防災の日 台風想定し図上訓練 紀伊半島大水害10年 県が対策検証 三重

【図上訓練に臨む職員ら=三重県庁で】

「防災の日」の1日、三重県は台風の上陸を想定した図上訓練を県庁で実施した。約190人の県職員が新型コロナウイルスの感染防止対策を取りながら、被害を把握する手順などを確認した。

県によると、例年は大規模地震の発生を想定して実施しているが、発生から10年が経過する紀伊半島大水害を教訓に進めてきた対策の検証などを目的として、今年は台風の上陸を想定して実施した。

新型コロナウイルス対策として訓練の参加者を分散させるため、会場を県庁や講堂棟などに分けて実施。市町や警察、自衛隊など関係機関の職員ら約60人は別会場からオンラインで参加した。

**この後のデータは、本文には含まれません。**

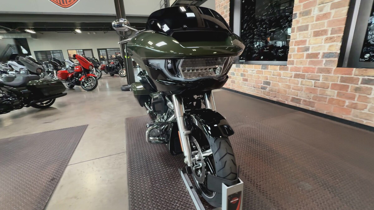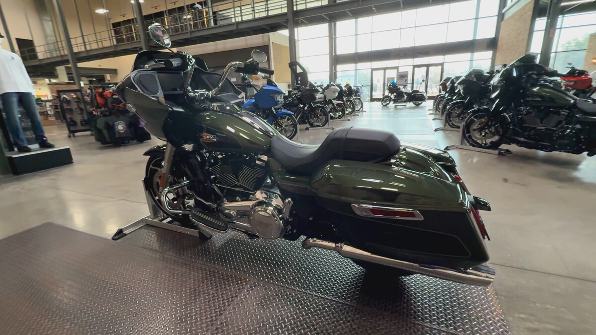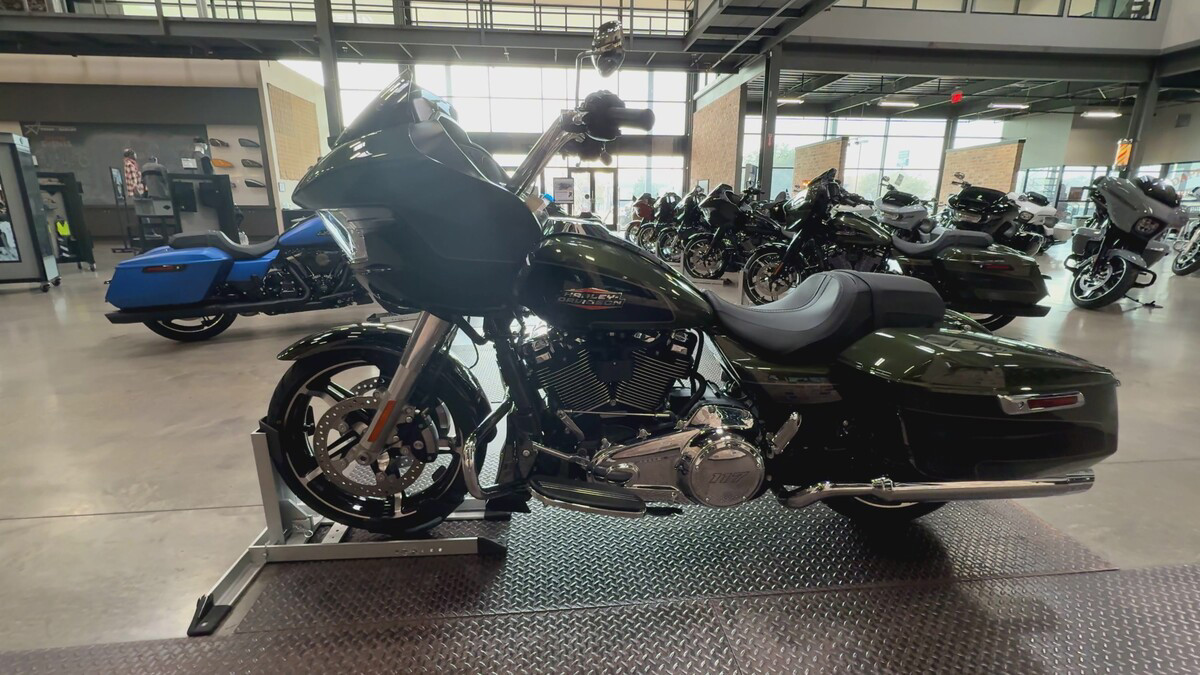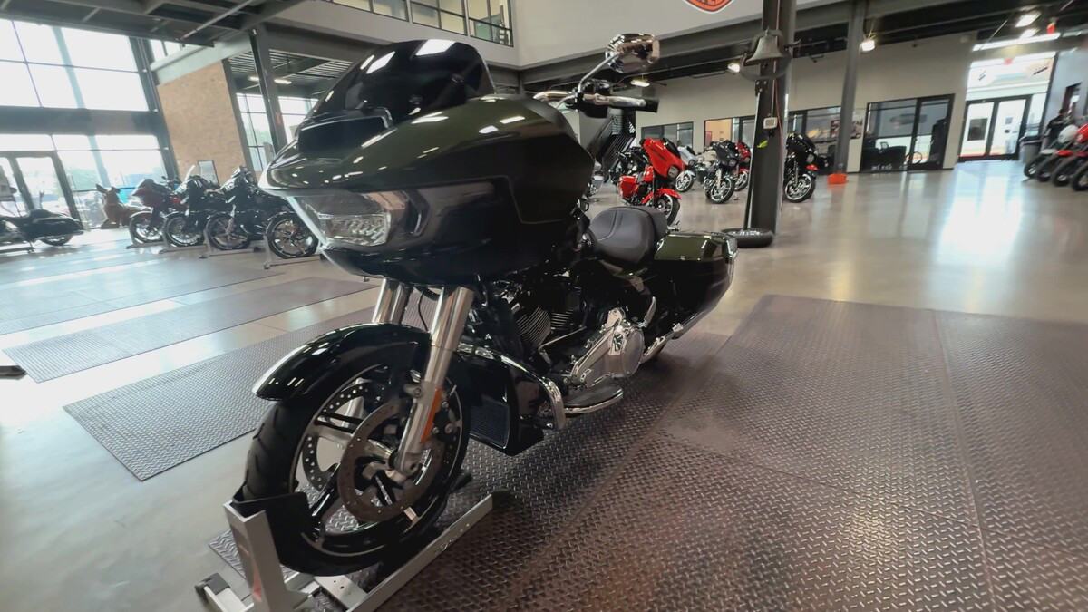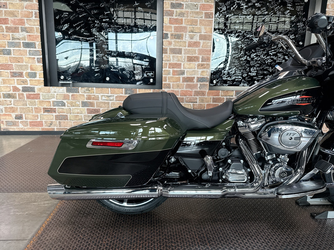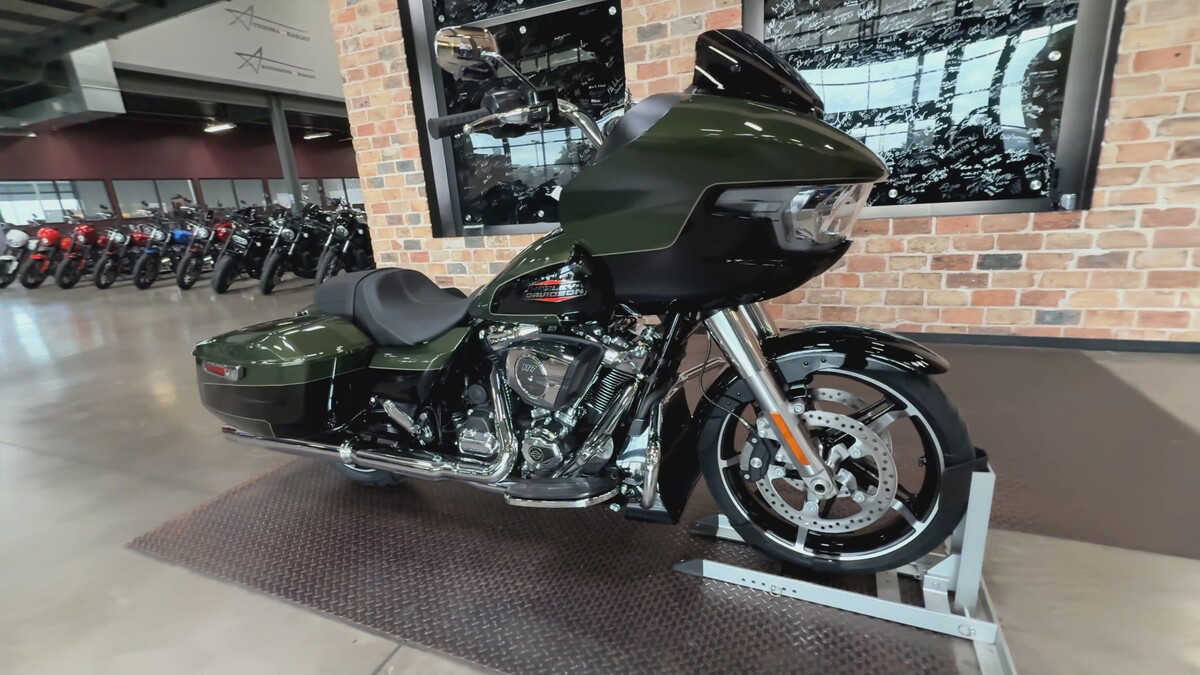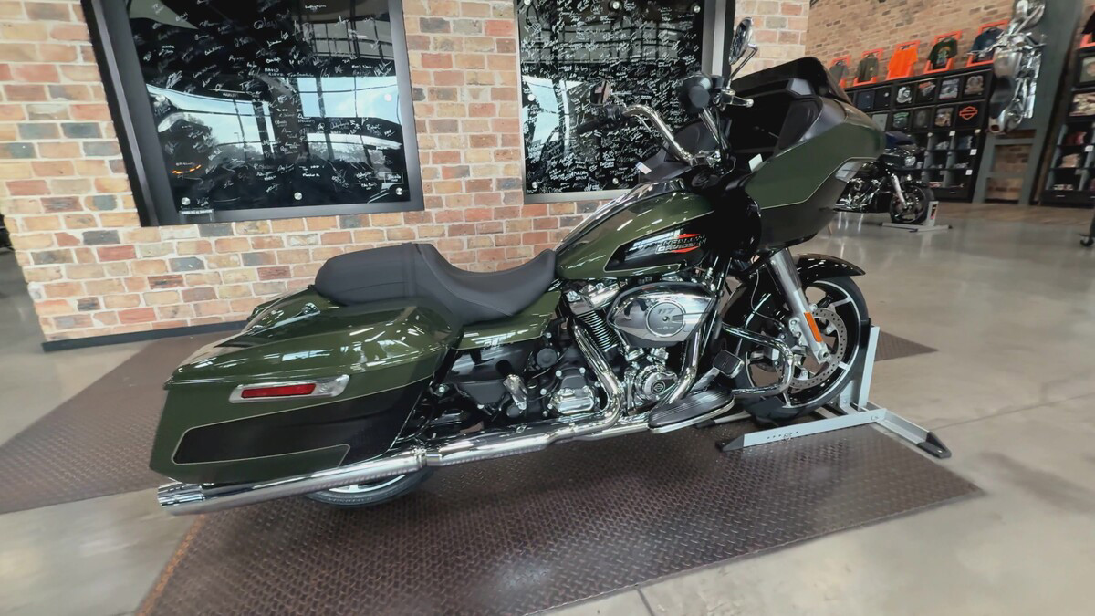 The Road Glide's striking appearance starts with its stunning exterior color, Olive Steel Metallic/Black with Pinstriping. This bold and authentic color scheme is designed to turn heads and evoke a sense of timeless classic style.

訓練は東紀州地域で紀伊半島大水害レベルの被害が発生したとの想定で、午前9時から約8時間にわたって実施。被害の把握や関係機関への協力依頼、システムを使った情報共有の手順などを確認した。

鈴木英敬知事も参加し、本部員会議で職員らに対応を指示した。「まだ助けの手が届いていない人も必ず助け出します。希望を捨てず、しばらくの辛抱を」などと、県民への呼び掛けにも臨んだ。

三重大院工学研究科の川口淳准教授は「それぞれの職員が意識を持って仕事をこなした」と評価しつつ、情報共有に課題があると指摘。被災した自宅療養の感染者を市町と連携して支援するよう促した。